Dissertation. l'Universite Paris VI - Pierre et Marie Curie. 2010. - 178 p.
In this thesis, we propose solutions to reduce training time and memory requirements of learning algorithms while keeping strong performances in accuracy. In particular, among all the machine learning models, we focus on Support Vector Machines (SVMs) that are standard methods mostly used for automatic classification. We extensively describe them in Chapter 2 Throughout this dissertation, we propose different original algorithms for learning SVMs, depending on the final task they are destined to. First, in Chapter 3, we study the learning process of Stochastic Gradient Descent for the particular case of linear SVMs. This leads us to define and validate the new SGD-QN algorithm. Then we introduce a brand new learning principle: the Process/Reprocess strategy. We present three algorithms implementing it. The Huller and LaSVM are discussed in Chapter
4. They are designed towards training SVMs for binary classification.

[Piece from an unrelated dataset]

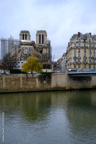 Naklejka premium The view of the rear of Notre Dame during huge repair works. 21 december 2020 - Paris

For the more complex task of structured output prediction, we refine intensively LaSVM: this results in the LaRank algorithm which is detailed in Chapter
5. Finally, in Chapter 6 is introduced the original framework of learning under ambiguous supervision which we apply to the task of semantic parsing of natural language. Each algorithm introduced in this thesis achieves state-of-the-art performances, especially in terms of training speed. Almost all of them have been published in international peer-reviewed journals or conference proceedings. Corresponding implementations have also been released. As much as possible, we always keep the description of our innovative methods as generic as possible because we want to ease the design of any further derivation. Indeed, many directions can be followed to carry on with what we present in this dissertation. We list some of them in Chapter 7.